## The data
____
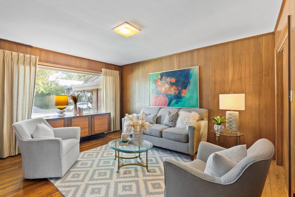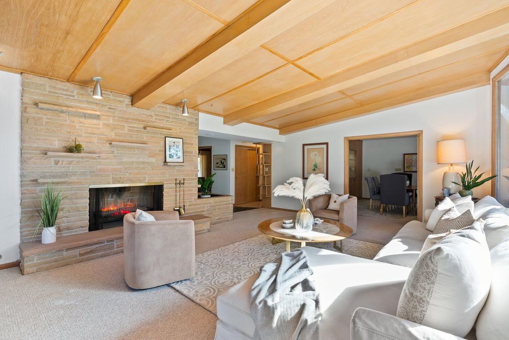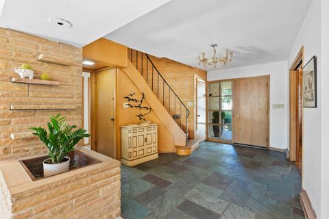 Welcome to the first sale of this custom Mid-century timecapsule by architect Richard E. Oberst. From the moment you step inside you will be WOWED by light shining thru 24 ft of living rm windows that draw your eyes outside. The Tenn Crab Orchard Stone exterior is also found inside at the impressive fireplace and planter. XL LR w/ vaulted white oak paneled ceiling casts a warm glow. Excellent layout includes: main flr primary w/ ensuite, swanky paneled FR w/ hwf, DR, 3 season room, lrg kitchen, main flr laundry & half ba. Upstairs there's 4 more bedrms & full ba. Massive LL w/ half ba is primed for finishing. Desireable Cumberland Forest area. Nice sized yard. Att 2 car garage. This one-of-a-kind home is waiting for new owners to preserve or take it to the next level!
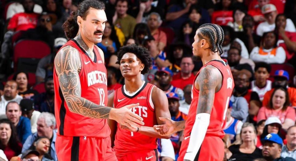 而32岁的老将中锋亚当斯,则是火箭队的前场篮板王,甚至他的前场篮板率在联盟当中都高居第一。32岁的亚当斯虽然不是什么超级中锋,然而他是联盟当中最强壮的内线球员之一。他和申京在一起搭档可以优势互补:亚当斯能护框、能抢篮板,尤其是前场篮板,能够为申京协防和补防;而申京则可以为亚当斯拉开内线空间,他也可以在内线得分,帮助火箭队缓解亚当斯进攻能力不足的压力。
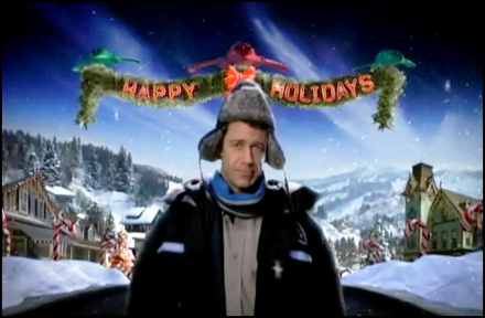 It features a Secret Santa who seems to know uncannily what each person wants for Christmas – Zoe getting an LP of The Clash’s London calling which she loves; while Alison, who loves Christmas with a passion (thanks to a spartan upbringing by scientist parents) gets pink fluffy bunny slippers like she had as a child – the return of Taggart, who while possessing the most overdone Aussie accent I have heard since The Simpsons Australian episode is over the top, engaging and full of life. He sparks up the show as he pursues his latest madcap quest – to track down the real Santa Claus who he convinced exists since he has a scrap of fireproof red cloth that was ripped off the suit of a man he saw near his Christmas tree as a child. He equips himself for his festive hunt with holographic reindeer, his own powerful sleigh (that is instrumental in saving the day as he and Carter go aloft to do what needs to be done to once again save Eureka), and a miniaturising ray that he believes explains how Santa can carry all those presents for all the kids in the world.
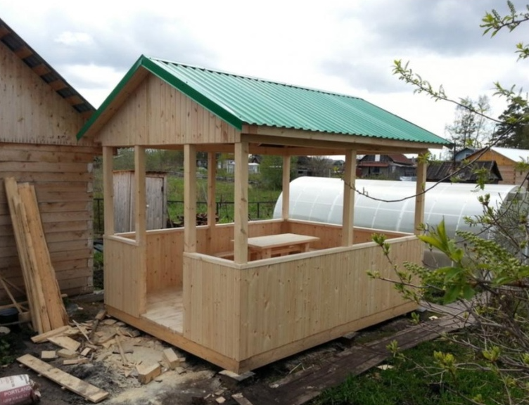 Для строительства беседки может быть выбрана технология "полуоткрытого типа", когда все элементы конструкции выступают за край обвязки, что повышает ее устойчивость и дает возможность монтажа/демонтажа без увеличения стоимости работ по монтажу. Данная технология подразумевает одинаковый процесс и для монтажа, и для демонтажа всех элементов конструкции (кроме пола). Конструкция беседки не имеющая подмостков (трапа), должна предполагать устройство небольшого подиума, который опирается на столбик верхней обвязочки. При установке в каркасной технологии пола или при его отсутствии подмость убирают. В случаях, когда конструкцию собирается из элементов, которые имеют толщину 10-15 см и высоту до 3 м, необходимо, чтобы площадка под ними была накрыта пленкой, которая создает воздушную прослойку. Фундамент для беседки Конструктивные особенности беседки предусматривают возможность расчета угла установки по отношению к вертикальным плоскостям. Но в силу указанных факторов, геометрия основания и
____
## Work to be completed
Instruction for this listing: copy it exactly, but leave the images behind.

## Result for this task
 Welcome to the first sale of this custom Mid-century timecapsule by architect Richard E. Oberst. From the moment you step inside you will be WOWED by light shining thru 24 ft of living rm windows that draw your eyes outside. The Tenn Crab Orchard Stone exterior is also found inside at the impressive fireplace and planter. XL LR w/ vaulted white oak paneled ceiling casts a warm glow. Excellent layout includes: main flr primary w/ ensuite, swanky paneled FR w/ hwf, DR, 3 season room, lrg kitchen, main flr laundry & half ba. Upstairs there's 4 more bedrms & full ba. Massive LL w/ half ba is primed for finishing. Desireable Cumberland Forest area. Nice sized yard. Att 2 car garage. This one-of-a-kind home is waiting for new owners to preserve or take it to the next level!
 而32岁的老将中锋亚当斯,则是火箭队的前场篮板王,甚至他的前场篮板率在联盟当中都高居第一。32岁的亚当斯虽然不是什么超级中锋,然而他是联盟当中最强壮的内线球员之一。他和申京在一起搭档可以优势互补:亚当斯能护框、能抢篮板,尤其是前场篮板,能够为申京协防和补防;而申京则可以为亚当斯拉开内线空间,他也可以在内线得分,帮助火箭队缓解亚当斯进攻能力不足的压力。
 It features a Secret Santa who seems to know uncannily what each person wants for Christmas – Zoe getting an LP of The Clash’s London calling which she loves; while Alison, who loves Christmas with a passion (thanks to a spartan upbringing by scientist parents) gets pink fluffy bunny slippers like she had as a child – the return of Taggart, who while possessing the most overdone Aussie accent I have heard since The Simpsons Australian episode is over the top, engaging and full of life. He sparks up the show as he pursues his latest madcap quest – to track down the real Santa Claus who he convinced exists since he has a scrap of fireproof red cloth that was ripped off the suit of a man he saw near his Christmas tree as a child. He equips himself for his festive hunt with holographic reindeer, his own powerful sleigh (that is instrumental in saving the day as he and Carter go aloft to do what needs to be done to once again save Eureka), and a miniaturising ray that he believes explains how Santa can carry all those presents for all the kids in the world.
 Для строительства беседки может быть выбрана технология "полуоткрытого типа", когда все элементы конструкции выступают за край обвязки, что повышает ее устойчивость и дает возможность монтажа/демонтажа без увеличения стоимости работ по монтажу. Данная технология подразумевает одинаковый процесс и для монтажа, и для демонтажа всех элементов конструкции (кроме пола). Конструкция беседки не имеющая подмостков (трапа), должна предполагать устройство небольшого подиума, который опирается на столбик верхней обвязочки. При установке в каркасной технологии пола или при его отсутствии подмость убирают. В случаях, когда конструкцию собирается из элементов, которые имеют толщину 10-15 см и высоту до 3 м, необходимо, чтобы площадка под ними была накрыта пленкой, которая создает воздушную прослойку. Фундамент для беседки Конструктивные особенности беседки предусматривают возможность расчета угла установки по отношению к вертикальным плоскостям. Но в силу указанных факторов, геометрия основания и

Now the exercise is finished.